------ Data ------

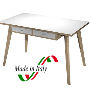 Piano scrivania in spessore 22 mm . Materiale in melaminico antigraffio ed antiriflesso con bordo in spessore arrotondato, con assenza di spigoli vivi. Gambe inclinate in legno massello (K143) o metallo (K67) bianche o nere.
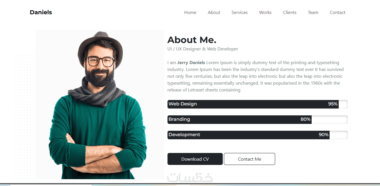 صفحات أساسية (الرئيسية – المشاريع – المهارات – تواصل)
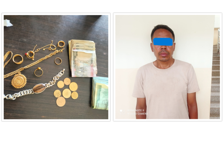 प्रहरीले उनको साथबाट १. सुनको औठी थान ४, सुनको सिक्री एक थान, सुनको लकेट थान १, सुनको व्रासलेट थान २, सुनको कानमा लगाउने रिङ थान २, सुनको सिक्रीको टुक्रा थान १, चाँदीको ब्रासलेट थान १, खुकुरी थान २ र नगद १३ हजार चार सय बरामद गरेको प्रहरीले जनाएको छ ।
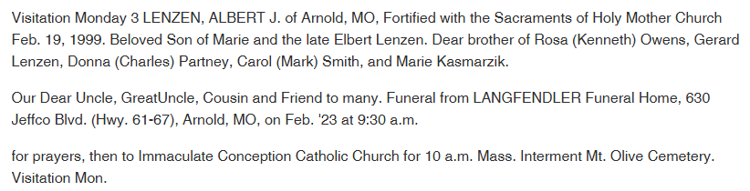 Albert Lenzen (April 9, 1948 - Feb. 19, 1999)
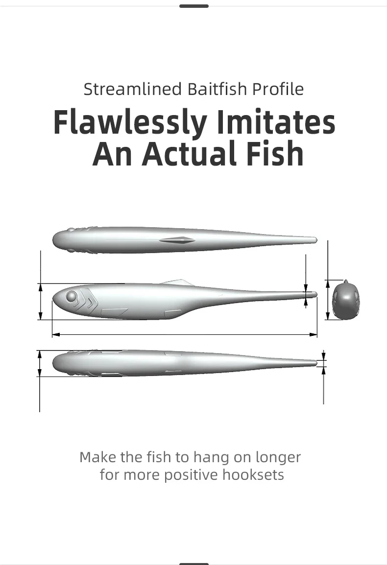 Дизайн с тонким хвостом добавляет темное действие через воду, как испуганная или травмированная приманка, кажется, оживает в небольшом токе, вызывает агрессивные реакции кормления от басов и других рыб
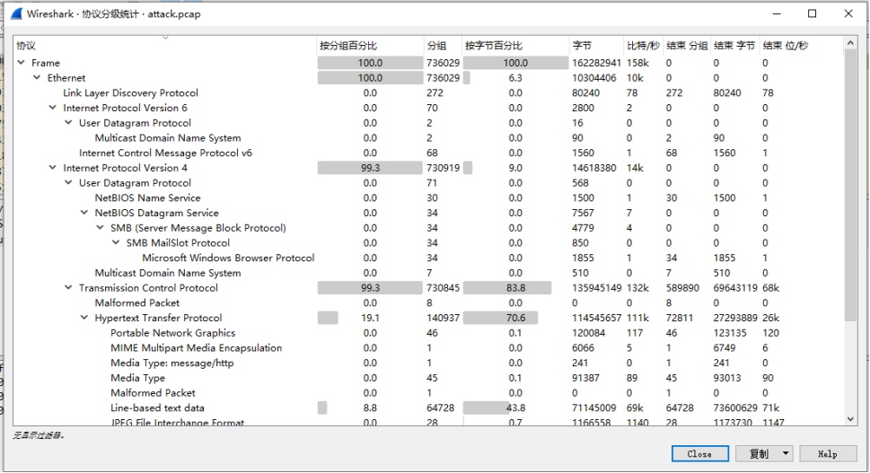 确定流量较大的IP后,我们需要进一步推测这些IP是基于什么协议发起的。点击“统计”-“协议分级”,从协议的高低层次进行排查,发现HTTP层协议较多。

------
------ Data ------

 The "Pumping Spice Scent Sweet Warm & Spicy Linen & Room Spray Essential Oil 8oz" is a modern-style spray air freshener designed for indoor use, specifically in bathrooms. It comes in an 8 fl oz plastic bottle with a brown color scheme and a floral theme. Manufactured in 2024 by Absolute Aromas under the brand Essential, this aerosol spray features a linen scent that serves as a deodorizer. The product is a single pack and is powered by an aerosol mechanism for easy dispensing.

------

Task to complete
Using the data above, output the line that has "Piano scrivania in", the line that has "确定流量较大的IP后,我们需", and whatever lines fall between, each exactly as it stands and without pictures.

Solution to this task
 Piano scrivania in spessore 22 mm . Materiale in melaminico antigraffio ed antiriflesso con bordo in spessore arrotondato, con assenza di spigoli vivi. Gambe inclinate in legno massello (K143) o metallo (K67) bianche o nere.
 صفحات أساسية (الرئيسية – المشاريع – المهارات – تواصل)
 प्रहरीले उनको साथबाट १. सुनको औठी थान ४, सुनको सिक्री एक थान, सुनको लकेट थान १, सुनको व्रासलेट थान २, सुनको कानमा लगाउने रिङ थान २, सुनको सिक्रीको टुक्रा थान १, चाँदीको ब्रासलेट थान १, खुकुरी थान २ र नगद १३ हजार चार सय बरामद गरेको प्रहरीले जनाएको छ ।
 Albert Lenzen (April 9, 1948 - Feb. 19, 1999)
 Дизайн с тонким хвостом добавляет темное действие через воду, как испуганная или травмированная приманка, кажется, оживает в небольшом токе, вызывает агрессивные реакции кормления от басов и других рыб
 确定流量较大的IP后,我们需要进一步推测这些IP是基于什么协议发起的。点击“统计”-“协议分级”,从协议的高低层次进行排查,发现HTTP层协议较多。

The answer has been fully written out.